But what we shouldn’t miss here is the forest for the trees, that is, the overall, general benefit of belonging to an association, and of belonging to an association like the City Bar.

Webster’s defines an association as an “organization of persons having a common interest.” Our common interest at the City Bar relates most broadly to the functioning of the legal system and the legal profession itself. More narrowly, certain subsets of our membership are interested in certain substantive topics (criminal law, trademark, bankruptcy, etc.) or giving back using our legal skills (pro bono).
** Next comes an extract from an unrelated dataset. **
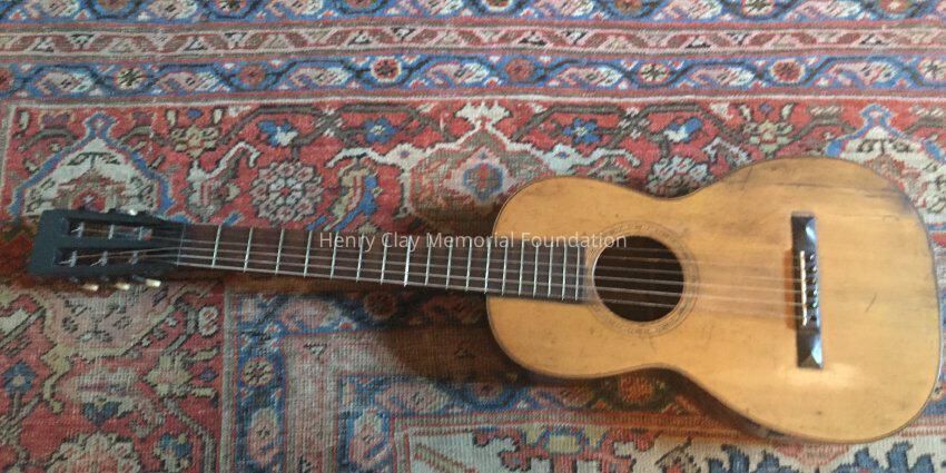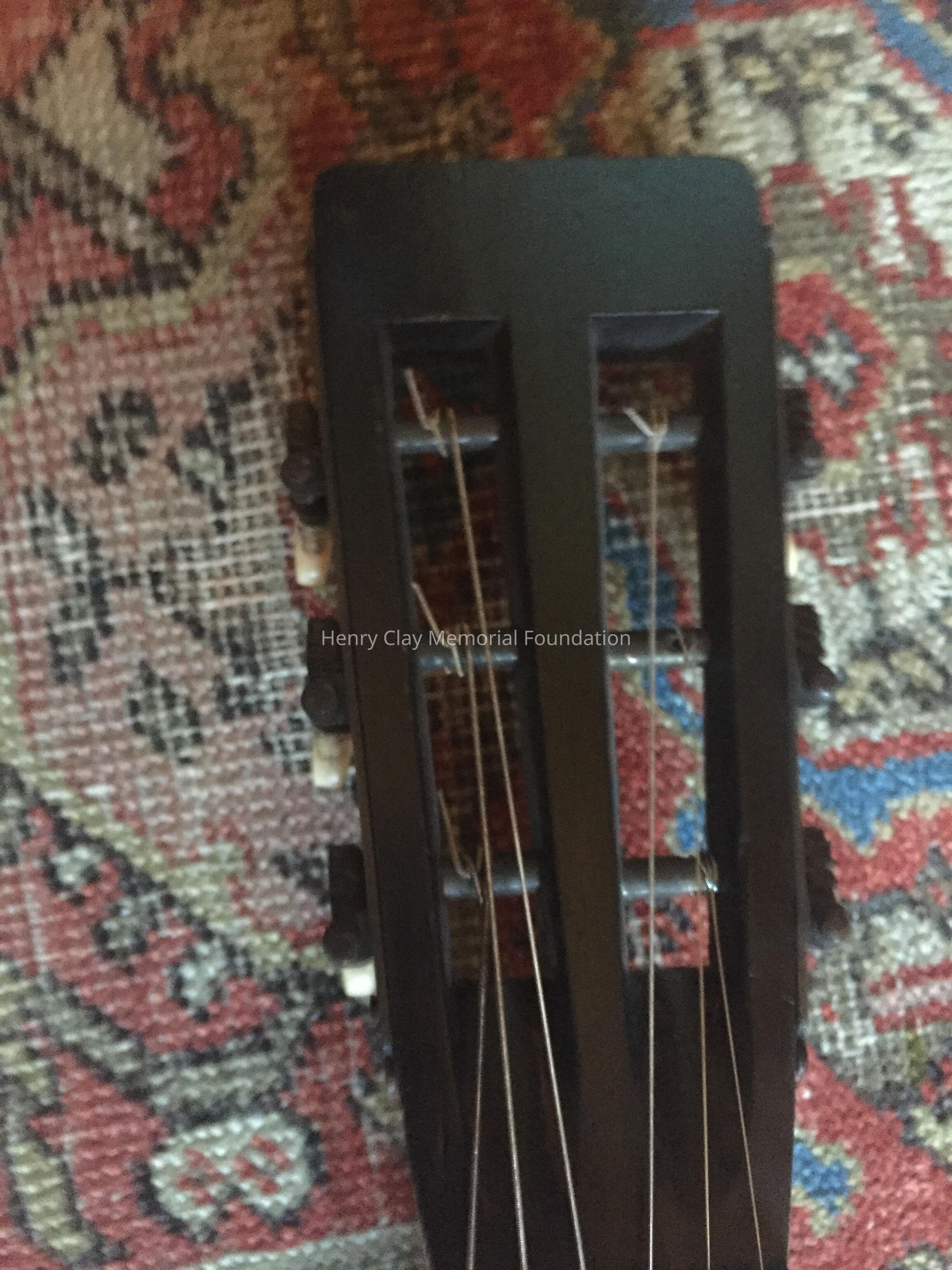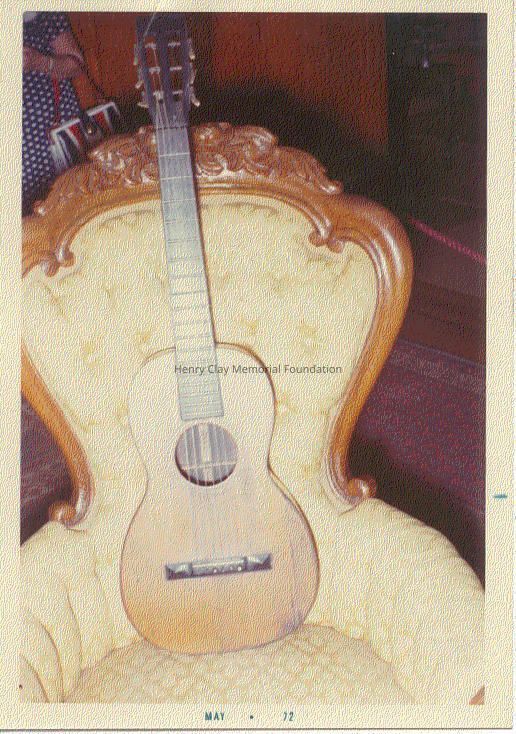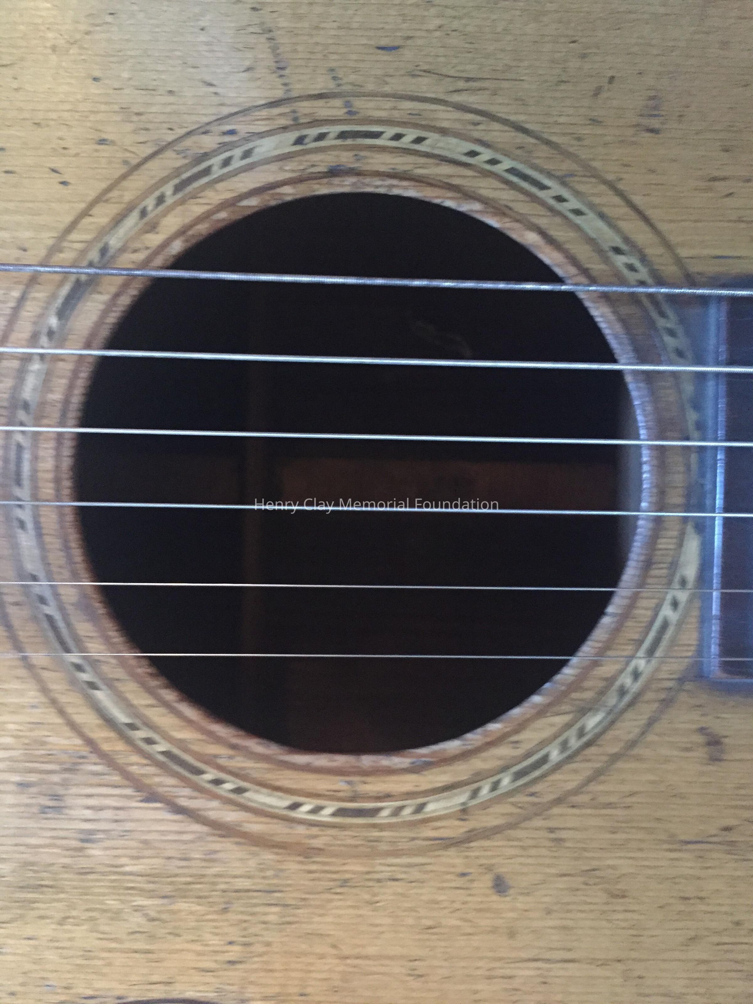 Acoustic guitar with painted black wood case. Guitar is labeled "C.F. Martin / New York" inside and also stamped on back with maker's name. The back and sides of the guitar are Brazilian Rosewood and the top is spruce. Case is wooden with metal fixtures to secure lid. Inside of case is line with blue fabric A partial paper label is still existent on case.

By associating, we further our common interest by improving our profession, most notably through our committee work. It’s important to note that it’s a “common interest” and not a “common perspective.” In fact, it’s the diversity of our membership that makes us stronger.  And that’s not just diversity in the usual sense of race, gender, sexual orientation, and so on, but diversity of practice type or client base, diversity of socio-economic background, diversity of political views, and more. Because we strive to remain balanced in our committee membership, reports, and panels, our views are all the more respected because they reflect compromise and a shared, thoughtful opinion on the topic at hand.

At the City Bar, we are constantly brainstorming ways to bring members together when today’s technology would have us working alone at a desk. Setting aside time for networking at CLE courses and programs is one way. Creating a new space like the library lounge is another. Social events like Bar @ the Bar and Lawyers Connect allow our members to get to know each other in a less formal setting. Sharing news about your new position or promotion in our “Member Moves and Milestones” (by emailing us here) raises your profile in the profession and allows us to pause and congratulate one another on our accomplishments. Later this year, look for some web-based innovations that will offer exciting new ways to associate with other members.

We are fortunate to be a leading association in the legal field, and we owe that to the generations of members before us who came together here in this historic building. When an association reaches a critical mass, it becomes a kind of virtuous circle. Because of our reputation, you want to become a member. Because you become a member, our association grows stronger.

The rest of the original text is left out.